Он приобнимет меня, похлопывает по спине рукой. Я знаю, сейчас объятие трансформируется в попытку свалить меня с ног. Эдди всегда так делает. Он опускает плечи, обхватывает мою талию, и пытается повалить. Когда-то мы были на равных, однако сейчас у Эдди нет шансов. Я делаю подсечку ногой и валю его на пол.

– Чувак, тебе даже пытаться не стоило. – Смеюсь, поднимая Эдди на ноги.

– Черт, столько времени прошло. – На сей раз он по-настоящему меня обнимает. – Как поживаешь?

– Хорошо. – Ложь. – Ты?

– Каждый день та же самая фигня, знаешь? – Эдди пожимает плечами.

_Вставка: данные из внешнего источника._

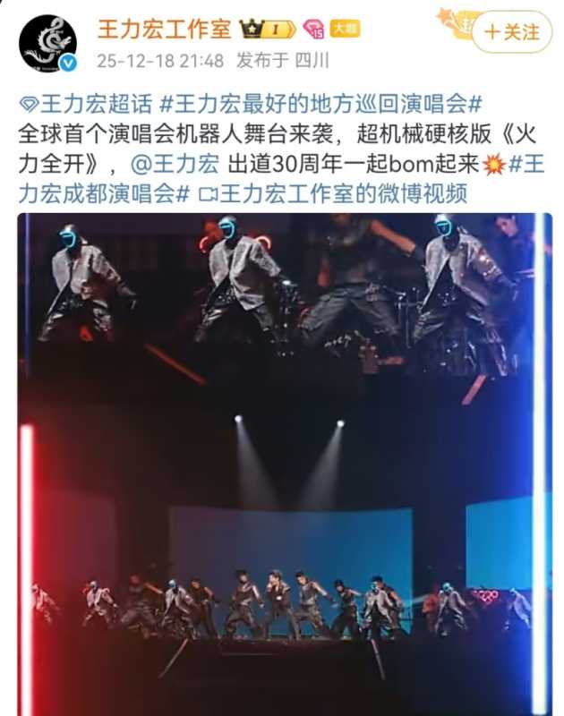 据悉,12月18日,王力宏成都演唱会首次引入人形机器人伴舞,共同演绎《火力全开》,实现了全球首个演唱会机器人舞台。

Понятия не имею, каково это – быть девятнадцатилетним ночным менеджером в закусочной Тако Белл с беременной девушкой. Я не говорю, что Эдди сделал неправильный выбор – он живет честно, и не мне его судить – но нет, я не знаю. Большую часть года я провел в другом конце планеты, в стране, где парень может пожать тебе руку, улыбаясь, а потом взять свой АК-47 и выстрелить в тебя. Где маленький мальчик будет требовать – без намека на слезы в глазах – сто баксов в качестве компенсации за случайное убийство его матери, что меньше обычной ставки за убийство его собаки.

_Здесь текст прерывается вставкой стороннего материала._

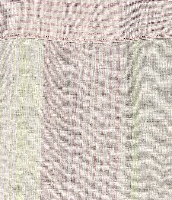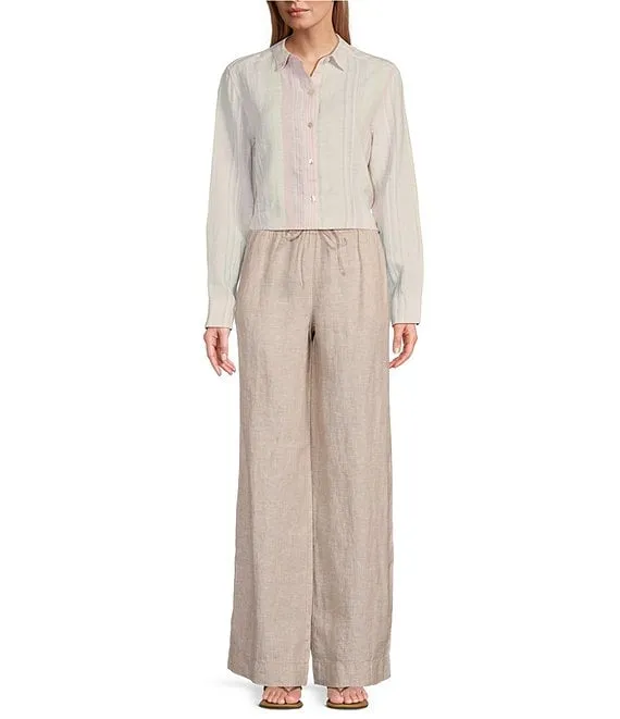 Ocean Reverie Linen Striped Notch Collar Long Sleeve Shirt

Пэйдж спрыгивает с кухонной стойки, подходит ко мне и моему брату. Через ее тонкую белую майку вижу красные завязки бикини. Я снимал с нее это бикини прежде. Сначала она подходит к Райану – так странно – встает на носочки, взъерошивает его волосы, целует. Его рука обвивает ее талию. Она смотрит на него с другим выражением на лице. Оно мягче. Не такое злое.